A Literary Guide to Helen Crawfurd

On the close of ‘Our Red Aunt’ an exhibition by Fiona Jack at GWL inspired by the legacy of Helen Crawfurd, we hear from Laura Matheson who introduces us to some of Helen Crawfurd’s literary inspirations.

Those who have taken a look at Helen Crawfurd’s autobiography, which occupied a library shelf as part of the Our Red Aunt exhibition, will have immediately noticed her proud dedication to both reading and writing. Helen alludes to authors in almost every chapter, along with articulate descriptions of her influences and inspirations. Indeed, it is her own writing that catalysed the exhibition, and which carried her unique voice forward through a history which had often neglected her. In this alone, ‘the value of the written word’ which Helen strongly believed in is evident. The parallel interests of this avid reader and the work of Glasgow Women’s Library is one of many illuminating connections drawn into focus by Fiona Jack’s exhibition. In celebration of this, Fiona, in collaboration with Fiona Dean, produced ‘A love of books’, one of several ceramics on displayWhat better way to understand Helen’s remarkable life and commitment to gender equality than through the texts which compelled her to take action?
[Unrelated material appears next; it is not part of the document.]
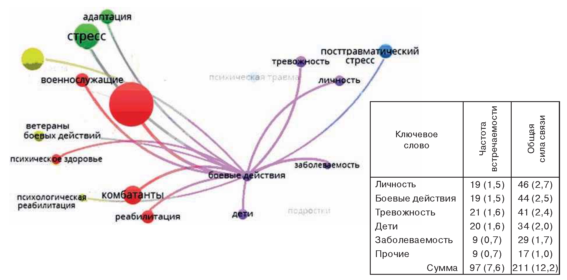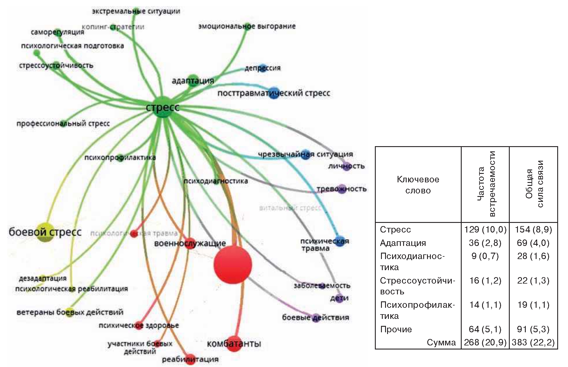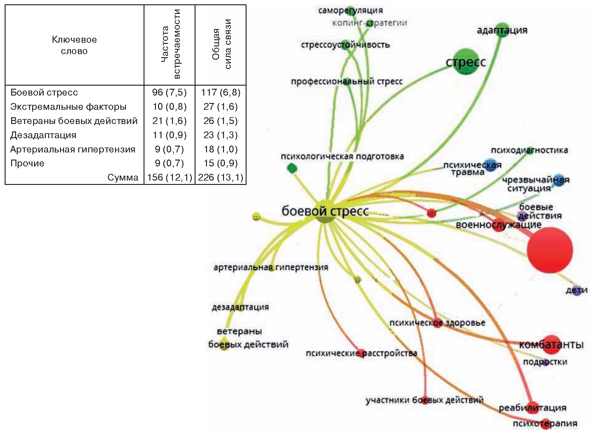 Results and discussion. Annually, fifty-seven 57 [44; 64] papers on combat stress published in Russia were indexed. The distribution by research field included general combat stress problems issues – 7 %, biological aspects – 11.1 %, medical aspects – 23 %, social and psychological aspects – 58.9 %. Content structure dynamics revealed an upward trend in the number of papers devoted to general, biological, social and psychological problems, with a decrease in the number of papers on medical issues. With 9 repetitive key words or 4 repetitive authors, VOSviewer software identified 5 clusters of papers and 11 academic co-authorships. Cluster 1 included a set of papers on combat stress disorder with Total Link Strength of 40.1 %, cluster 2 – social and psychological problems of combat stress (22.2 %), cluster 3rd – psychosomatic disorders in combat veterans (13.1 %), cluster 4 – human behavior in extreme environments (12.4 %), cluster 5 – stress manifestations in civilians during combat operations (12.2 %).

Photograph of one of Fiona Jack's ceramic pieces installed in the Our Red Aunt exhibition at GWL in 2018. The ceramic piece has a green and brown glaze and has names of authors inscribed into the surface. They aren't fully legible in the photograph but they inspired this blog post.
Fiona Jack, Our Red Aunt, 2018

This vibrant green glazed stoneware bottle collects each author referenced in the text in simple handwriting, overlaid with a wash of colour which symbolises the fusing together of these foundations of Helen’s world view and politics. Look carefully and you’ll see Maxim Gorky, Thomas Hardy, and Karl Marx, among many others.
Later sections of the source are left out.